Flashback: 10 of the best celebrity visits to Ireland throughout the years
From Old Hollywood starlets to modern-day legends, Ireland has had its fair share of famous faces visit these shores.
Throughout the 1960s iconic entertainment Charlie Chaplin brought his family to holiday in Waterville in County Kerry. The holiday spot was recommended to Chaplin by his friend Walt Disney and the family visited until 1971. Waterville erected a statue in Chaplin's honour and in 2011 the Charlie Chaplin Comedy Film Festival was launched in the town to remember one of its most famous visitors.
One of our most famous red heads, actress Maureen O’Hara got her start treading the boards at the Abbey Theatre in Dublin, before going on to become one of the most enduring stars of Hollywood’s Golden Age. In 1988 she was back on home soil to accept her Honorary Doctorate of Laws degree from the National University of Ireland, Galway- making her Doctor O’Hara.
Hollywood funny man Bill Murray was the headline act at the Murphy's Cat Laughs Comedy Festival (now the Kilkenny Cat Laughs Comedy Festival) in 1996.
In 1993, a fresh faced young actress named Catherine Zeta Jones was in Dublin to promote her film 'Splitting Heirs', in which she starred alongside with Eric Idle.
Rock legend Meatloaf (real name Michael Lee Aday) was in Dublin in August 1993, and stalled outside Eddie Rockets to meet fans.
Audrey Hepburn’s first visit to Ireland was in 1964 with her husband Mel Ferrer. She told reporters who greeted her at Dublin Airport that she was spending time with friends, but it is possible she was also in the country hoping to seek out her estranged father, whom she hadn’t had contact with for years. Anthony Hepburn-Ruston lived in Dublin for 35 years and is buried in St Jerome's cemetery in Harolds Cross.
In May 1989 legendary crooner Frank Sinatra, with Liza Minelli and Sammy Davis Junior as support, played to 18, 000 adoring fans in Lansdowne Road stadium in Dublin. Despite the persistent rain the crowd sang along to every song as the glamorous trio played for two hours in what the Irish Independent described as ‘a dazzling performance’.

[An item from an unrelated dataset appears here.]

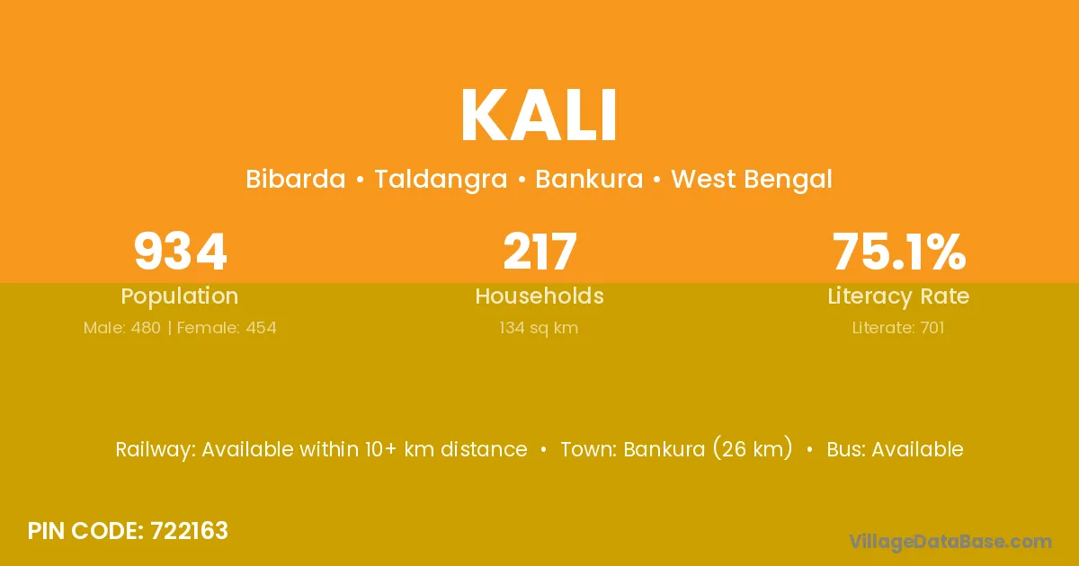 The literacy rate of Kali village is 85.98%. Male literacy stands at 86.40% and female literacy at 85.52%.

Paris Hilton is often thought to be the first person to be famous for being famous, but she may have learnt a thing or two from her great grandfather’s former wife, socialite and actress Zsa Zsa Gabor. They both had run ins with the law that only served to increase their celebrity (Zsa Zsa enjoyed a career boost after her arrest for slapping a police officer while being pulled over for a driving offence) as well as love lives that made headlines- Zsa Zsa had nine husbands in total. She visited Dublin in 1961, pictured below.
In 1988 a little-known singer named Celine Dion took home the top prize at Eurovision, representing Switzerland. Just two years later she released the English-language album Unison that launched her towards international superstardom.